Salem stars in Fassbinder’s ALI: FEAR EATS THE SOUL (1974), in which his onscreen relationship with an elderly German woman subjects the pair to racism and ageism. This technique of analogizing other socially-challenging relationships to the dilemma of gay couples is, of course a Hollywood tradition. This film marks the period when the influence of the German-born Hollywood director Douglas Sirk had fully come to the fore in Fassbinder's work. Fassbinder loved Hollywood films and, along with the Brechtian theatrical tradition, they grounded the form of his greatest works.

The Fassbinder/ben Salem story had a decidedly unhappy ending. Shortly after their relationship ended, Salem stabbed three people in Berlin and had to be smuggled out by car. According to Daniel Schmid, a Swiss director and Fassbinder’s close friend, the filmmaker cried the entire ride home. There was to be more tragedy in these men's futures.

By this time, Fassbinder had reached international acclaim. He began seeing Armin Meier, a former butcher with no prior experience in show business. The relationship was especially lonely for Meier: when Fassbinder wasn’t around, no one would come visit him. After the director ended things between them in April of 1978 and neglected to invite him to his birthday celebration, Meier committed suicide—overdosing in the kitchen he had once shared with Fassbinder. 

Fassbinder coped with this the only way he knew how: by continuing to work. That same year, he released IN A YEAR OF THIRTEEN MOONS, his most personal and bleakest film yet. The last four years of Fassbinder’s life saw its most diverse work, the disbanding of his recurring cast, and his romantic relationship with editor Julienne Lorenz. 

In 1982, while living with Lorenz, Fassbinder received the news that El Hedi ben Salem had hanged himself. Not only that—he had done so five years prior, a fact which had been kept from the volatile Fassbinder. 

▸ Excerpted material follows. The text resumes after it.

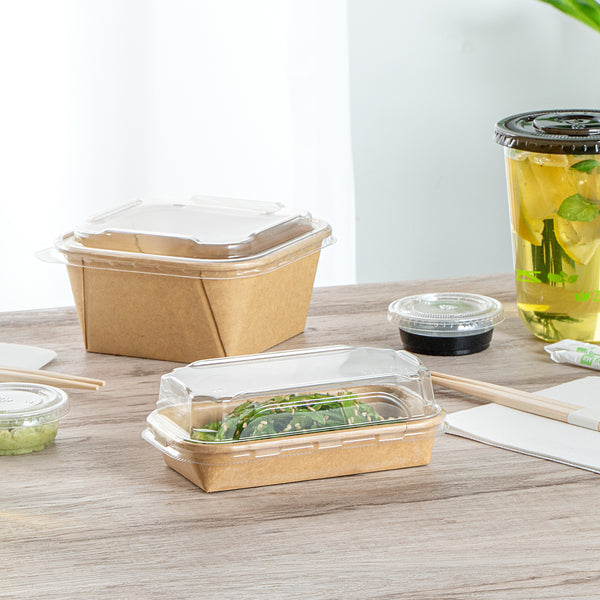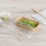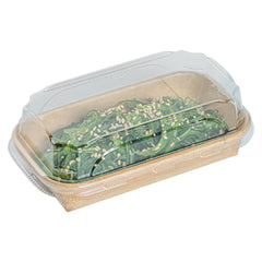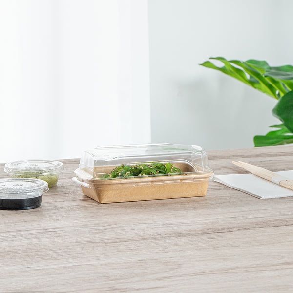 Protect your food toppings with our Matsuri Vision Clear PET Plastic Lids. These plastic lids form a tight-fitting seal with their coordinating sushi containers (SKU: RWA1439K) and keep your food intact during transit. Featuring an anti-fog design, these clear lids prevent condensation buildup, allowing customers to easily see the mouthwatering contents inside. These dome lids provide ample room and ensure the delicate arrangements of sushi rolls, nigiri, or sashimi are protected without being squashed or smudged. With a crystal clear finish, these container lids showcase the vibrant colors and appetizing presentation of the sushi inside. These lids for food containers are made from premium PET plastic for robust durability and sturdiness. Ideal for eco-conscious foodservice establishments, these disposable lids are recyclable to minimize your carbon footprint. For an easy cleanup, these to go sushi container lids are disposable and can be discarded after use. Measuring 5.5 inches in length by 3.25 inches in width by 1.25 inches in height, these clear plastic lids offer a perfect fit for your needs. Sold in a 100 count box. Containers are available and sold separately.

By then, the director was up to his neck in the in post-production work for the queer drama QUERELLE and looking ahead at the next project. The 37-year old drove himself relentlessly—he snorted cocaine to get going, drank whiskey to soothe the jitters, and popped downers to go to sleep.

In June of 1982, Lorenz found Fassbinder dead in his room, a victim of intoxicants and overwork. QUERELLE was released posthumously a month later and the film was dedicated to El Hedi ben Salem. 


Fassbinder’s legacy is as complicated as his life. The numbers themselves are impressive: 38 feature films, several ambitious television miniseries, short films, and countless plays in a career that spanned a only 17 years and ended at an age when most filmmakers are just beginning to make their best work.

It is easy to romanticize Fassbinder’s tortured artistry, but his films are so consistent and compelling that they force us to deal with the whole of his existence—not only the person that Fassbinder was, but also the space and time he occupied in Germany - and in the world.

There is no isolating the political, sexual, or the personal in Fassbinder’s work. It is all caught up together in each soul-bearing film. Even today, we are still catching up with Fassbinder’s volcanic output. His back catalog has seen new rediscoveries as recently as two years ago with the restored television mini-series EIGHT HOURS DON’T MAKE A DAY (1972).

It’s safe to say Fassbinder is not done surprising us yet. He said it best himself: “I don’t throw bombs, I make films.”